Enterprise Value/Ounce of Total Gold Resource

Valuations

There are many ways to value juniors, including the following. The late Julian Baring, used a simple rule of thumb for valuing metal shares.

"Buy up to 10% of the in situ value of a deposit using current metal prices, hold up to 40% and sell above 40% taking no prisoners!!!!"

ABX’s bid is equivalent to only 2% of the gross value of NovaGold’s metal resources, listed in the tables above.

According to Canaccord, the average trading price of 44 Canadian junior is US$64.00 per in situ ounce. That is roughly 10% of the current US$640 price of gold. (Note the 10% rule). Furthermore, the valuations peaked at US$72.50 when gold hit US$725 in May.

RBC just published a piece using 37 juniors, excluding NovaGold, that could either become the next ABX or be taken over, that are trading at US$95 per ounce.

Barrick should thus on a historical comparison basis be prepared to pay 10% or more of the in situ value of NovaGold's assets

A fair bid at 10% of gross value of all metals in situ would be equal to US$73 per share for NovaGold.

Perhaps companies such as PD, Teck, Newmont, RTZ, Xstrata, BHP, Anglo, Goldcorp, Goldfields and others may be tempted to step in and make a counter bid, when they realise the discrepancy between NovaGold’s value and the low ball offer made by Barrick?

NovaGold needs urgently to update their calculations using actual metal prices and not historical conservative figures of $400 /oz for gold and $1.00/lb for copper, which they have used in some of their published filings over the last few years.

At todays values of $646/oz for gold and $3.63/lb for copper (September futures at the bid close), one can easily imagine a cash flow from Galore Creek of US$1.5 billion on production startup in ca 2012.

This cash flow is greater than ABX’s total bid value, and ignores the value of Donlin and all the other assets, and fails to put a suitable multiple to cash flow in order to calculate value.

NovaGold also included this table in their SEC filing already mentioned above.

Precedent Transaction Analysis

Summary

At this early stage no one knows the anwser, but whatever scenario unfolds, the market is already saying that NovaGold is worth more than the "opportunistic" hostile bid by Barrick.

If Barrick’s bid for 50.1% of NovaGold were to be successful, it would mean that they gain control over $76 billion worth of metal in situ for an outlay nett of NovaGold’s cash and securities assets of approximately $435 million, (or 0.6% outlay of the gross value). This would be a fantastic achievement for Barrick and could well be described as the deal of the century or even millenium! Of course consolidating the remainder of the company would cost more but the job would have been done at the target level.
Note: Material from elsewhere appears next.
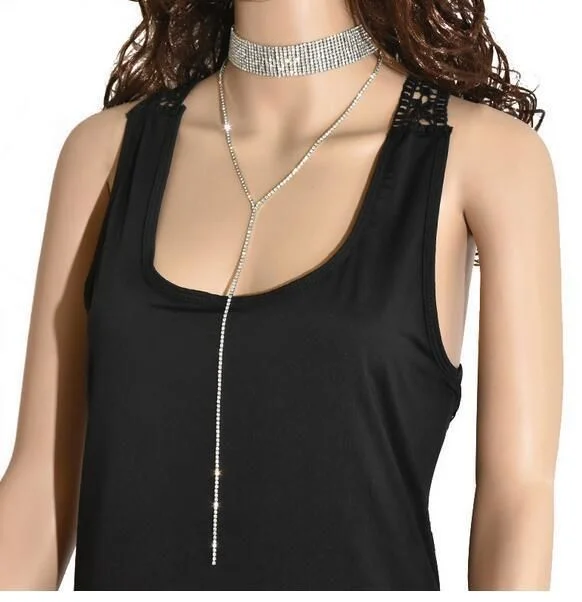 Fashion Sexy Crystal choker necklace Statement Long Tassel Multi-layer Rhinestone silver chain Necklace Party jewelry for women Gift

Using the 10% of metals in situ method of valuation above we arrive at a fair value of $73 versus $14.50 bid by Barrick. Perhaps the market will accept a figure somewhere between the two, so we now await to see if Barrick raises their bid or if someone else comes to the party and joins the bidding with a higher offer, or if NovaGold can fight off the bid and remain independent.

The latter is the preferred outcome for many NovaGold shareholders, because of the share price potential of NovaGold over the next few years, but the sharks have smelt the blood in the water, and are circling the unfortunate victim, and it would indeed take a brilliant effort on the part of management to survive as an independent company.

Disclosure: The author has been a shareholder of NG for several years.